In China lijkt een nieuwe trend aan momentum te winnen: tang ping, letterlijk “lig plat”. Het betreft een levensstijl die aan lijkt te slaan bij een steeds groter wordende groep Chinezen. Deze mensen willen niet langer meedoen aan de sleur van carrière maken en geld verdienen. Ze willen minimalistisch leven zonder zich druk te hoeven maken over een carrière, een huis bezitten en een familie stichten. Het is een feite een passieve vorm van ‘burgerlijke ongehoorzaamheid’. Hoewel deze mensen geen wetten overtreden, doen ze niet mee aan ‘het systeem’ en doen ze niet wat de overheid van hen verwacht.
Nu is dit uiteraard iets van alle tijden. Er zijn altijd mensen geweest die hun eigen weg zijn gegaan en niet meededen aan de mainstream samenleving. Dat dit fenomeen echter een eigen label, “tang ping”, heeft gekregen, wijst erop dat het niet langer een enkele zonderling betreft maar een aanzienlijk aantal mensen. Waar komt dit ‘platliggen’ vandaan? Er heerst een grote ongelijkheid in China. De top 1% bezit meer dan de onderste 50% van de maatschappij. De kansen op een succesvolle carrière liggen aanzienlijk hoger voor leden van de Communistische Partij en voor veel mensen is de toekomst uitzichtloos. Uit onvrede en als stil protest tegen de corruptie van de communistische machthebbers, doen deze “tang ping”-mensen daarom geen moeite meer en leggen ze zich letterlijk neer bij de situatie.

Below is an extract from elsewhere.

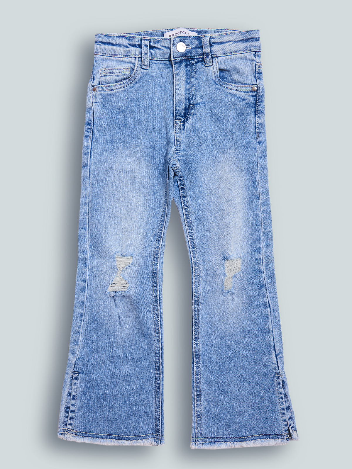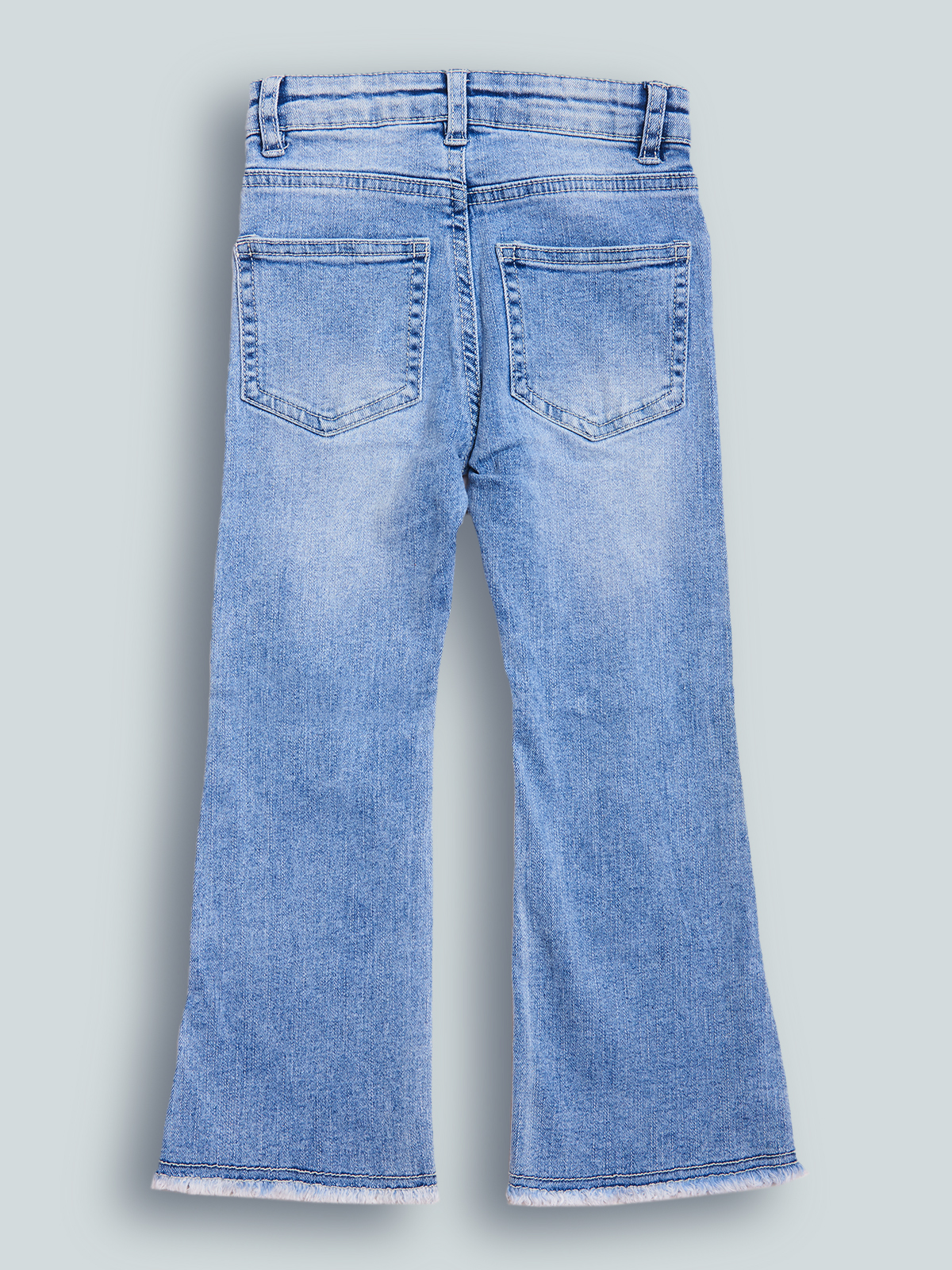 Pantaloni in denim elasticizzato modello bootcut con microstrappi sul davanti. Vita con elastico regolabile interno e apertura con zip e bottone. Un capo glam che piacerà alle mamme e alle bambine attente ai trend di stagione.

Dat de omvang van deze groep problematisch begint te worden, kan afgeleid worden uit de reactie van de Chinese overheid op het fenomeen. Met de nodige censuur en propaganda door de staatsmedia worden de ‘platliggers’ in een kwaad daglicht geplaatst. Het aloude communistische dogma dat ‘strijd’ op zich een vorm van ‘vreugde’ is, wordt uit de kast gehaald om het gedrag van de ‘platliggers’ af te keuren. Maar uit een inkomen van amper 120 Euro per maand zonder uitzicht op verbetering valt weinig vreugde te putten. Dus of deze propaganda gaat werken valt nog te bezien.